*EXERCISE AIM:*
Using the entries that follow, transcribe only the lines from the line with "Learjet 60 - Passenger" to the line with "- 6 уровень: 5", both included, exactly as they stand and without pictures.

*DATA FOR PROCESSING:*
- - - - -
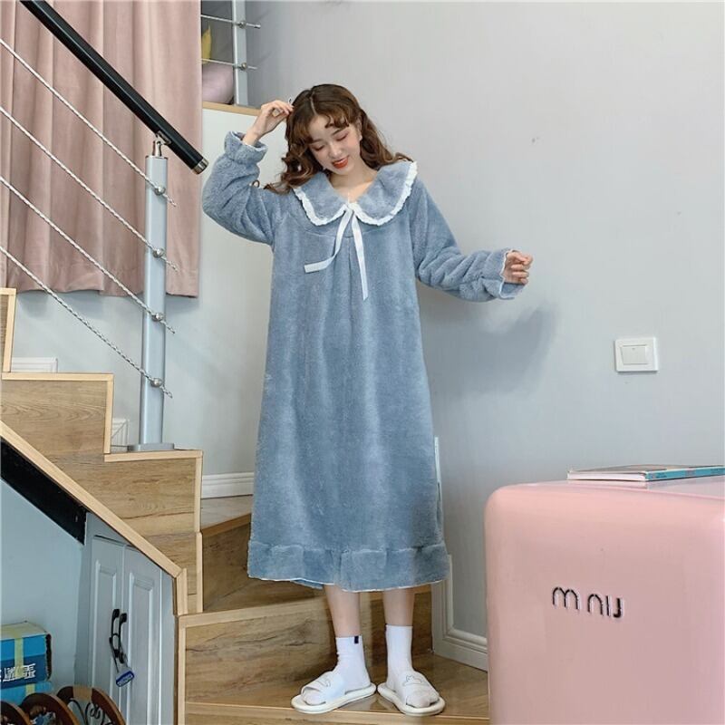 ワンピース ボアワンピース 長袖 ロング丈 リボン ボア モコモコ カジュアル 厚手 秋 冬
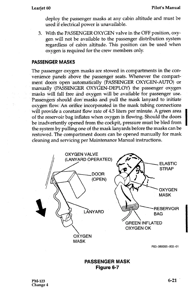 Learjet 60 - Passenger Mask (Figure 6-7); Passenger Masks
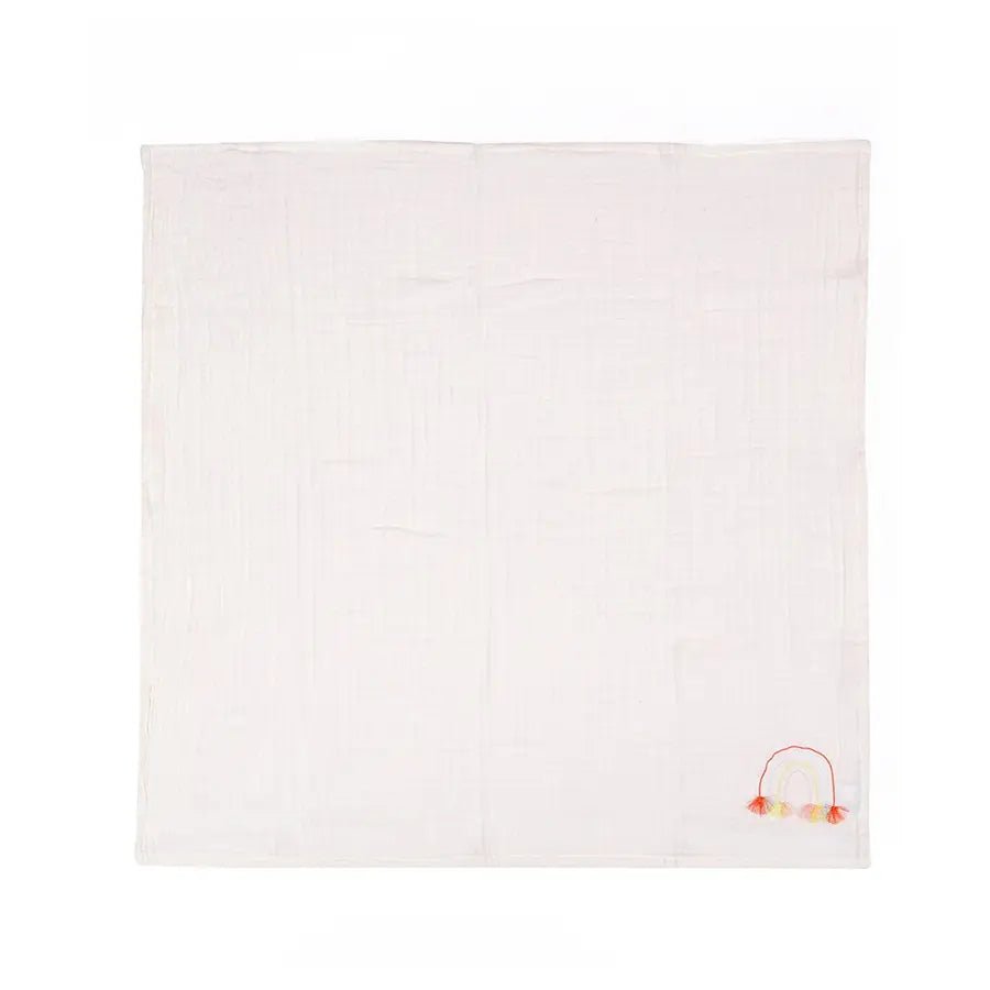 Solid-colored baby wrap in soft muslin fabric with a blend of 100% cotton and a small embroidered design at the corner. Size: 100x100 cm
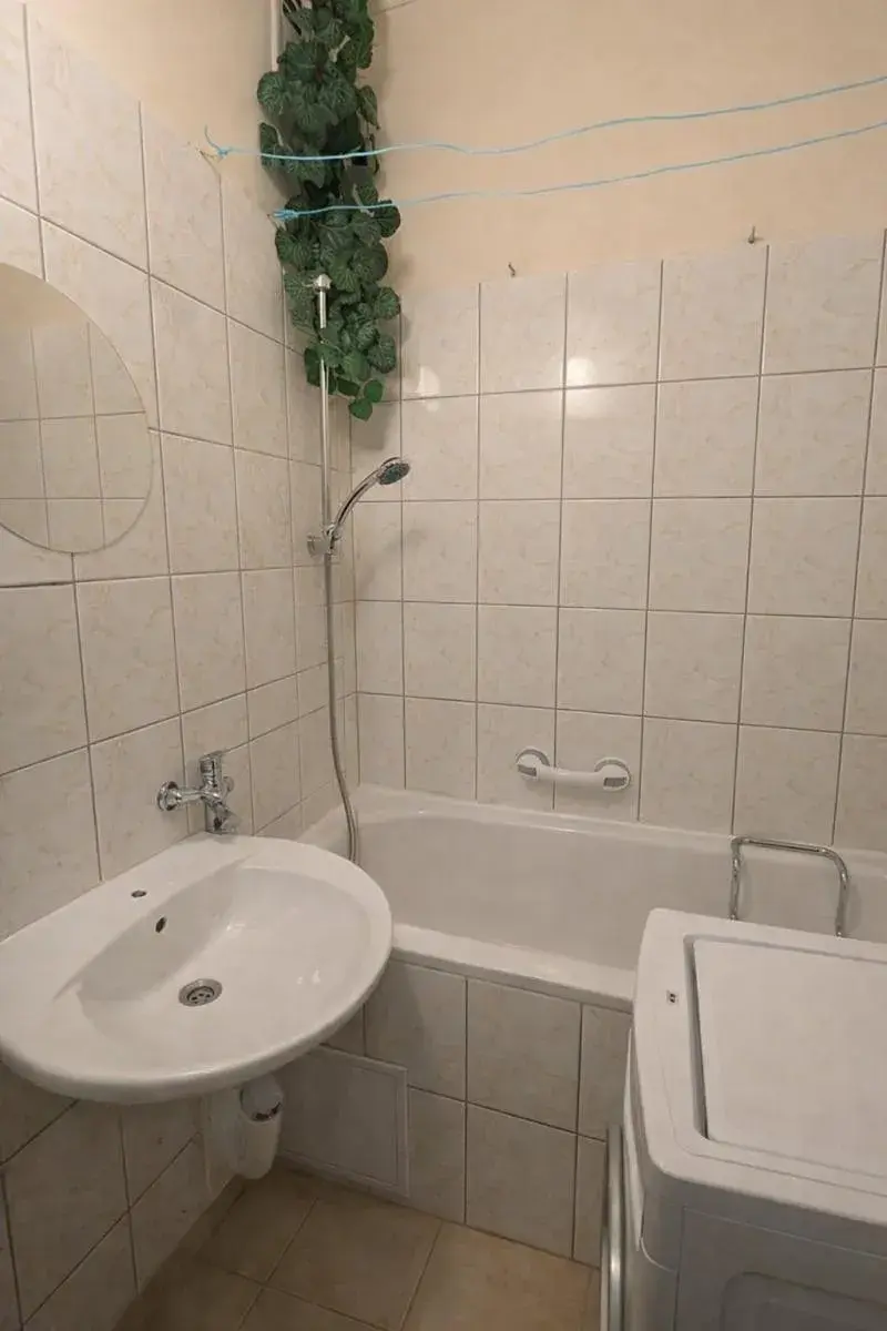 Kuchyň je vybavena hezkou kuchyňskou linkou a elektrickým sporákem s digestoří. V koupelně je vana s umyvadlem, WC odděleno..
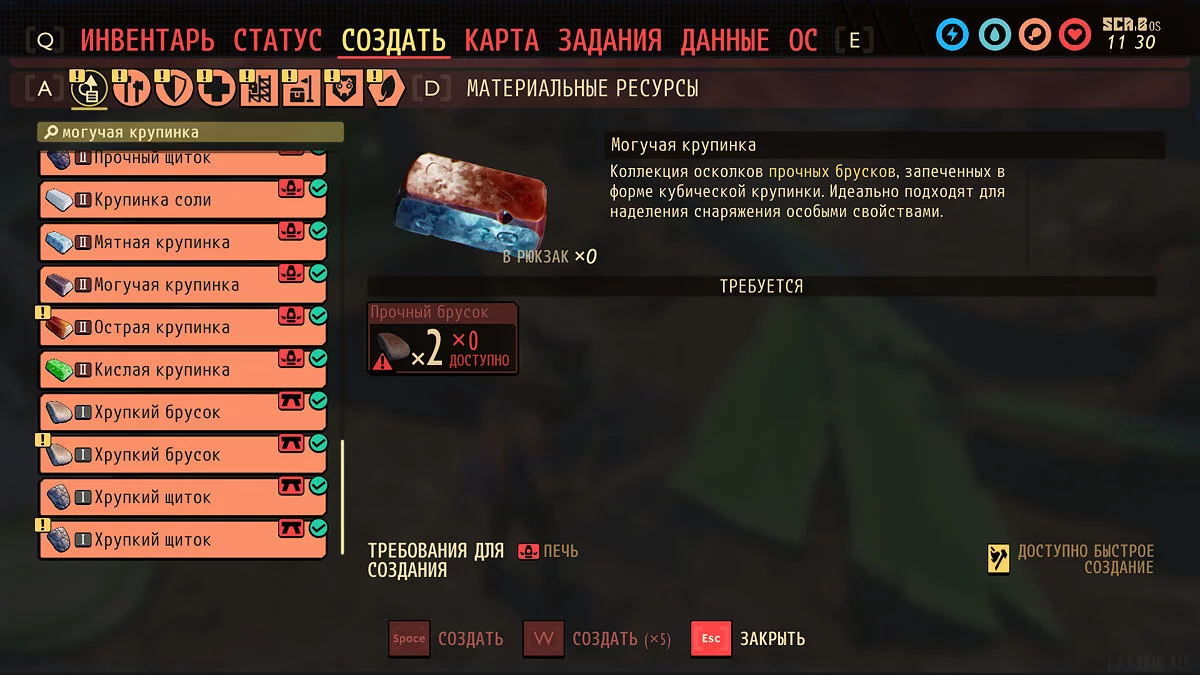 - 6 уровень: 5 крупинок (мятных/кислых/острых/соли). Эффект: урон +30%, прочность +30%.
- - - - -
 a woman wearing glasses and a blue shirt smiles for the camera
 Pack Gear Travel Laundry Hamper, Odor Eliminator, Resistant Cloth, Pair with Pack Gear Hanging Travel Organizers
- - - - -
*EXERCISE SOLUTION:*
 Learjet 60 - Passenger Mask (Figure 6-7); Passenger Masks
 Solid-colored baby wrap in soft muslin fabric with a blend of 100% cotton and a small embroidered design at the corner. Size: 100x100 cm
 Kuchyň je vybavena hezkou kuchyňskou linkou a elektrickým sporákem s digestoří. V koupelně je vana s umyvadlem, WC odděleno..
 - 6 уровень: 5 крупинок (мятных/кислых/острых/соли). Эффект: урон +30%, прочность +30%.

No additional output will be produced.